Before you judge, you need to understand that A) the pronouncer was mispronouncing EVERYTHING all night, and B) she pronounced that word “HO-MUH-LEE.” Not “HOME-LEE.” So, since I knew she was mispronouncing everything, and the previous word I’d gotten right (“vespertine,” which she pronounced “vesper-tayhn,” which, yes, is acceptable, but certainly not how I would say it) was religious, I assumed she was mispronouncing “homily.” Which is how I spelled it.
And okay, technically, the definition of “vespertine” has nothing to do with religion, but I know from vespers, which is how I got it. (You know, besides the fact it’s completely phonetic.) I want that on the record, because as soon as I came back from my one and only triumph, Al and Mean Asian Girl were both all, “Well, duh, it’s a Bjork album!” (“But isn’t that pronounced.. vesper-TEEN?”) AND I DO NOT KNOW FROM BJORK! It’s well-documented that I’m pop culture illiterate beyond 1994! I got that all by my very own recovering Catholic self!
So, yeah. “Vespertine” was Round 1. 40-odd out of 60-odd competitors were eliminated in Round 1, so I can feel pretty good about clearing that one, right? Though I must admit, more than anything, it was the luck of the draw. There were words in Round 1 I didn’t know at all, so if I’d gotten those, it would have been game over. And there was only one word all night (“acetylene” — pronounced “UH-SET-UH-LIN”; again, technically correct, but not goddamned Amurrican) I recognized as something I probably would have kicked my own ass over, because I DO know how to spell it, but I might not have gotten it right on my first try out loud. (The person who got that word went, “A-S-” and the entire room went “AWWWWWW!” I wouldn’t have been that bad, at least. But I might well have gone, “A-C-E-T-E-L-Y-N-E.”) For the most part, I either knew how to spell the words or had never heard them before in my life.
But seriously, y’all, HO-MUH-LEE? For “homely”? What the fuck is that? Immediately prior to that, someone went out on “debouchment,” which was pronounced “DUH-BYOOSH-MENT.” That person asked for a definition, which included the word “mouth” (of a river), so I figured it was “bouch(e)” not “buch,” but how the fuck do you get “byoosh” out of “bouche”? (I probably would have gone out on that word, too, by spelling it “debouchement,” but the BYOOSH was fucking unforgivable!) I HATE YOU, PRONOUNCER LADY!

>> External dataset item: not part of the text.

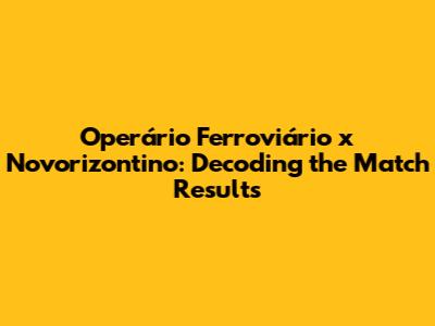 Operário Ferroviário X Novorizontino: Head-to-Head & Match Analysis

The worst part, of course, was being able to spell, like, every fucking word that came after I was eliminated. Mean Asian Girl and I sat there, far enough away from the stage that we couldn’t be accused of helping people cheat, spelling every fucking word before the actual remaining contestants got them. GRRRRRR. The only gratifying part after being eliminated (besides a complimentary drink) was seeing my very young, stoner ex-neighbor finally eliminated, after three rounds of lucking the hell out with words like “sophomore” and “umlaut.” (The latter pronounced “OOM-LOT.”) We left immediately after that, so I don’t know who won. I just got very drunk and kept saying, “HOMELY! HOME-LEE!” all night. (Al, eventually: “Okay, honey, YOU’VE HAD ENOUGH OF THE LOUD JUICE NOW!” Mean Asian Girl: “‘Cause she’s normally so subtle??”)
I hate spelling bees. And I’m very drunk. That is all.